State v. Carlon

335 P.3d 343, 265 Or. App. 390, 2014 Ore. App. LEXIS 1225
CourtCourt of Appeals of Oregon
DecidedSeptember 10, 2014
Docket111061; A149950
StatusPublished
Cited by4 cases

This text of 335 P.3d 343 (State v. Carlon) is published on Counsel Stack Legal Research, covering Court of Appeals of Oregon primary law. Counsel Stack provides free access to over 12 million legal documents including statutes, case law, regulations, and constitutions.

Bluebook
State v. Carlon, 335 P.3d 343, 265 Or. App. 390, 2014 Ore. App. LEXIS 1225 (Or. Ct. App. 2014).

Opinion

SERCOMBE, J.

Defendant appeals a judgment convicting her of fourth-degree assault, ORS 163.160, and harassment, ORS 166.065. Defendant asserts that the trial court erred when, in response to a question from the jury, it gave the jury instructions regarding criminal trespass and defense of premises. As explained below, we agree that the trial court erred and, accordingly, reverse and remand.

This case arose out of events that occurred on March 23, 2011, when defendant visited her sister (Crape). Defendant and her daughter, R, arrived at Crape’s home in the evening, and defendant and Crape drank several alcoholic beverages and visited while defendant did laundry. At some point during the evening, R went to sleep in one of the bedrooms of the house.

At approximately 12:30 a.m., defendant informed Crape that she was ready to leave and Crape, who believed that defendant was intoxicated, asked defendant not to take R with her. Defendant nonetheless proceeded to the room where R was sleeping and woke her. R told defendant that she did not want to leave, and defendant responded by raising her voice and swearing at R. Crape then pulled defendant into the hallway of the home. Defendant and Crape struggled with each other and, at some point, defendant hit Crape in the face with her keys. R watched the two sisters struggle and eventually intervened when she saw that Crape’s face was bleeding. Defendant was ultimately arrested and charged with fourth-degree assault and harassment. A breath test conducted at 4:14 a.m. at the police station indicated that defendant’s blood alcohol content was 0.0 percent.

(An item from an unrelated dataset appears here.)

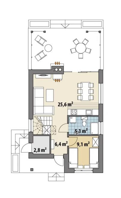 Площадь дома относительно мала — всего 78,5 м2. Но как ни удивительно, в нем могут вполне комфортно разместиться 3-4 человек, и даже найдется место для гостей. Достичь этого удалось благодаря тщательно продуманной планировке. На первом этаже находятся гостиная, где можно поставить Г-образную диванную группу и столовая, совмещенная с кухней, вмещающей все необходимое для кулинарии. Также здесь расположена малая спальня для двух человек, санузел с ванной и душевой кабиной, и небольшая подсобка, имеющая отдельный выход снаружи дома. Это наверняка понравится садоводу-огороднику, который может держать там инвентарь, и брать его, не заходя в жилое пространство в грязной обуви. Так же можем предложить вам компактный одноэтажный дом для небольшой семьи — AET-018.

At trial, defendant asserted that she had acted in self-defense.1 She testified that, while she was in the bedroom with R, Crape had grabbed her arm and shoved her down the hallway. Defendant testified that she refused to [392]*392leave the house without R, and that Crape insisted that defendant do so and followed up by grabbing and twisting defendant’s hair and pulling her down. According to defendant, she then swung upward toward Crape and struck her without realizing that the keys were in her hand.

The court instructed the jury on self-defense as follows:

“The defense of self-defense has been raised. A person is justified in using physical force upon another to defend herself from what she reasonably believes to be the use, or imminent use, of unlawful physical force. In defending, a person may only use that degree of force which she reasonably believes to be necessary. The burden of proof is on the state to prove beyond a reasonable doubt [that] this defense does not apply.”

During its deliberation, the jury sent out a question to the court:

“On count 2 in the charge of harassment, the use of the phrase in case number four, ‘[Defendant] intended to harass or annoy *** Crape.’ Was [Crape] in her right to use lawful physical force to escort [defendant] out of the premises?”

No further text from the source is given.